A cartoon depicting William Jennings Bryan as a Populist snake, swallowing the Democratic Party, dated 1896

As if things weren’t weird enough…

By a number of political measures, this year bears an uncanny resemblance to the transformative 1896 presidential election… It pitted Republican William McKinley against Democrat William Jennings Bryan. Although McKinley won—the incumbent, Grover Cleveland, was a Democrat and the economy was bad—Bryan’s candidacy ushered in an era of fiery oratory and Democratic Party populism. Indeed, Cleveland’s pro-business Democratic Party largely vanished from American politics.

That probably sounds at least a little bit familiar, what with Trump’s populism and his own brand of fiery oratory.
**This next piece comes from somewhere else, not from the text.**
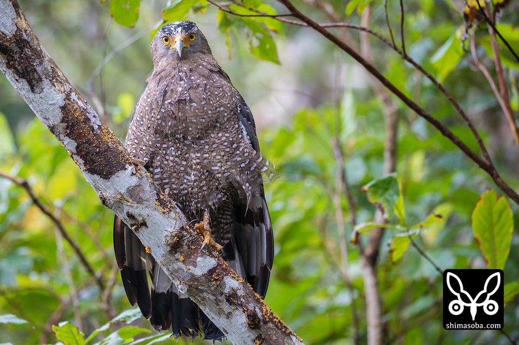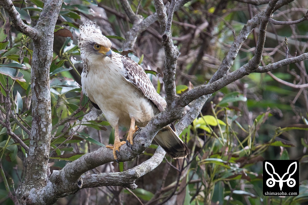 雨が上がった隙に羽を乾かしに来たカンムリワシ成鳥メス。
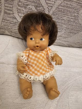 Muñeca clásica Barriguitas, un juguete original. Años 70 originales - Vestido a cuadros naranja y blanco. - Adorno de encaje en mangas y bajo. - Pelo castaño. - Ojos azules.

But, political scientists Julia Azari and Marc Hetherington argue in the Annals of the American Academy of Political and Social Science, the similarity goes well beyond personality….

So what does this mean for the future of American politics? “[W]hen political conflict between the parties becomes polarized, the same polarizing issues tend to become divisive within parties as well,” Azari and Hetherington write. “[T]he fate of previous eras of division suggests that this brand of politics is rarely sustainable in the long term. If not in 2016, it seems change is likely to come soon.”

The eerie similarities, then to now, detailed at “If History Is a Guide, American Politics Is About to Get Weird.”

* Mark Twain

As we batten down the hatches, we might recall that it was on this date in 1957, at 8:54p, that Sen. Strom Thurmond of South Carolina, a Democrat (of the Dixiecrat variety), began a 24 hour and 18 minute filibuster, the longest ever conducted by a single Senator.  Thurmond was speaking in opposition to the Civil Rights Act of 1957; his opposition to the 1964 Civil Rights Act led him to switch to the more comfortable home of the Republican Party.